I remember standing at my shop’s plate-glass window as the malodorous-looking clot of people trooped by. Some were clad in the Klan’s trademark white sheets and pointed hoods, although in accordance with the Georgia law banning masks in public, their faces were exposed. There were paramilitary-looking goobers in camo and lots of leather. Both genders and every age group, from toddlers to senior citizens, were represented.

There were skinheads, with most of their exposed epidermis adorned with what appeared to be elaborate jailhouse tattoos. There were flags and banners declaring the hate du jour — illegal immigration.

They were flanked by stone-faced police officers, deputies and state troopers in riot gear.

Know who wasn’t there? Anyone else. All of the streets leading into downtown had been closed off long before the march began.

I don’t know who thought up that strategy but it was ingenious. The group got to hold their march but that was it. There was no one there to see them or react to them. No confrontation. No fisticuffs. No dramatic sound bites for the evening news. It had to have been about as satisfying as a flat soufflé.

They gathered, marched and then slithered back to wherever they came from with nary an incident. All of the downtown merchants lost a day’s sales, but in the grand scheme I suspect it was well worth it.

Now, 25 long years later, the only thing that has changed on the hate landscape is the locale. The National Socialist Movement, the largest neo-Nazi group in America, has received a permit to hold its 40th anniversary rally in Chattanooga on April 26 outside the Hamilton County Courthouse.

People in Chattanooga are naturally concerned. No, concerned isn’t the word I’m looking for; furious, outraged, incensed, alarmed — these are all components of the local climate. No one can seem to agree on the proper response to this unwanted assembly.

Newspaper articles and Facebook postings contain suggestions ranging from open hostile confrontation to counter-demonstrations at a distant venue to offering the Hitler wannabes a substantial amount of money to stay away.

People are understandably on edge. The bomb squad was summoned after a suspicious package was found outside Mizpah Congregation, one of Chattanooga’s three temples. Turns out it was a box of donated books.

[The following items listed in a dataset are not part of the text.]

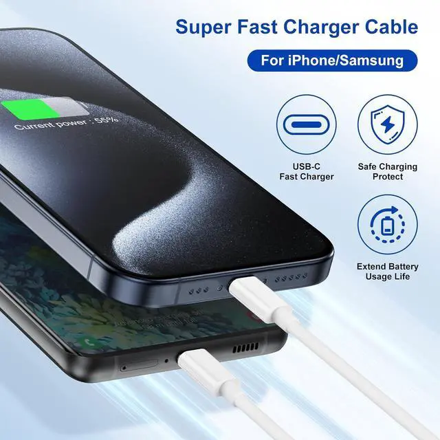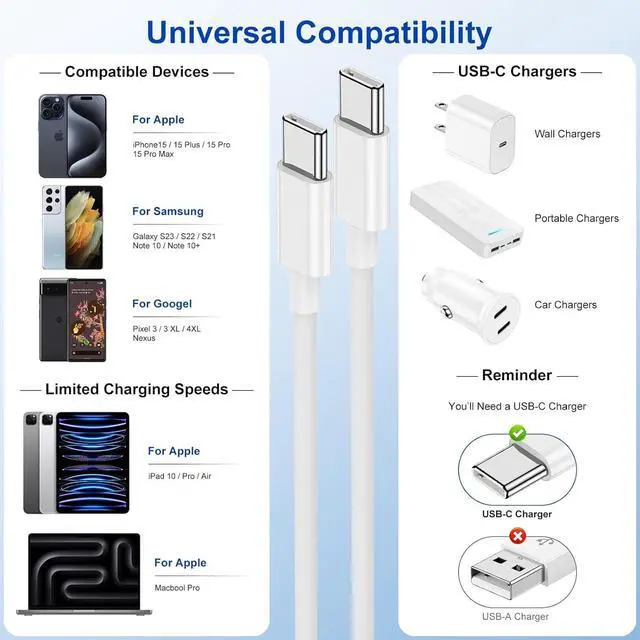 PERFECT COMPATIBILITYThis is the USB-C to USB-C cable Not the USB-C to USB-A cable, Compatible with iPhone 15/15 Pro/15 Pro/ Samsung Galaxy S23/S22/S21+/S21/S20/ S20+/ S20 Ultra/ Note 10, MacBook Air/Pro 13'', iPad Mini 6, iPad Pro 2021/2020/2018, iPad Air 2020 and more.
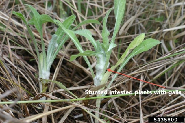 In experimental tests, galled plants produced 16% less above-ground biomass, 41% less below-ground biomass, 39% less flowering stems, and 58% fewer new stems, compared to control plants. Field observations concur on stunted shoots and flower prevention. Impacts in Oregon are not known.
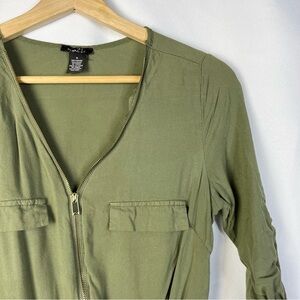 Rue 21 Green Zip Front Utility Half Sleeve Romper S
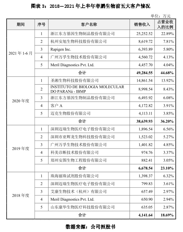 2021年上半年,菲鹏生物的前五大客户销售收入占比已涨至44.68%,比2018年的18.60%提升近26个百分点,客户集中度提升较快。那么,该公司的客户稳定性如何?
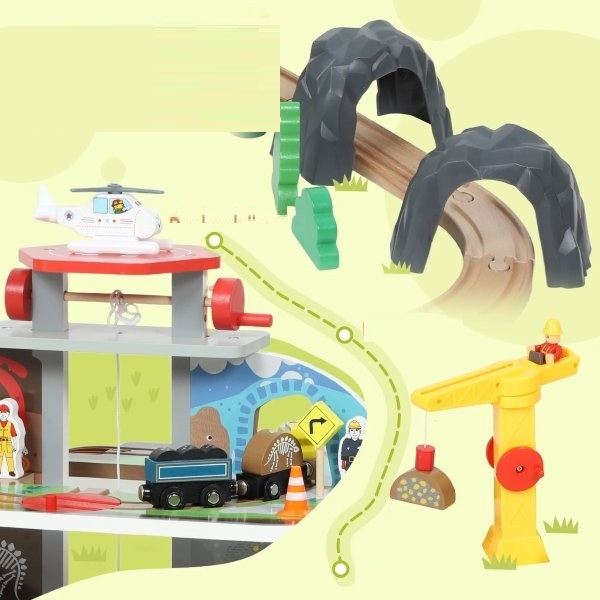 Ar jūsų vaikas visada žaidžia tuos pačius žaidimus ir jam nusibosta įprasti žaislai? Šis medinis traukinių rinkinys kaskart žaidžiant atneša naujų nuotykių. Mažieji statybininkai valdo rankinį kraną ir leidžiasi į nuotykius keturiuose kasyklos lygiuose. Šis vaikiškas traukinių rinkinys, sudarytas iš 79 detalių, skatina nuolatinį konstravimą ir ryškų pasakojimą, todėl kiekvienas žaidimo laikas tampa nauja, aktyvia patirtimi.

One particularly vociferous Facebook poster is insisting that the only effective response to the neo-Nazis is to be loud and in their faces: “Non-confrontation of Nazis and the KKK is a proven failed tactic. They love it when people do not show up. It shows a fundamentally failed understanding of both democracy and the concept of a market place of ideas to even suggest people should not show up and argue with them. I will be there to debate, argue and mock them off the streets with y’all!”

Oh, dear. Try as I might, I can’t imagine any way this sort of standoff can end well.

Another commenter wrote: “I don’t agree with hate-mongering. Not from neo-Nazi Hitler wannabes and not from some of their opponents who would escalate the tension by confronting them in the name of tolerance.

“These jerks have freedom of speech and assembly. ... They want counter-protests, confrontation and media coverage. ... If you really want to rain on their parade, ignore them. Give them empty streets and take away their headlines. Organize a boycott, don’t feed the troll.”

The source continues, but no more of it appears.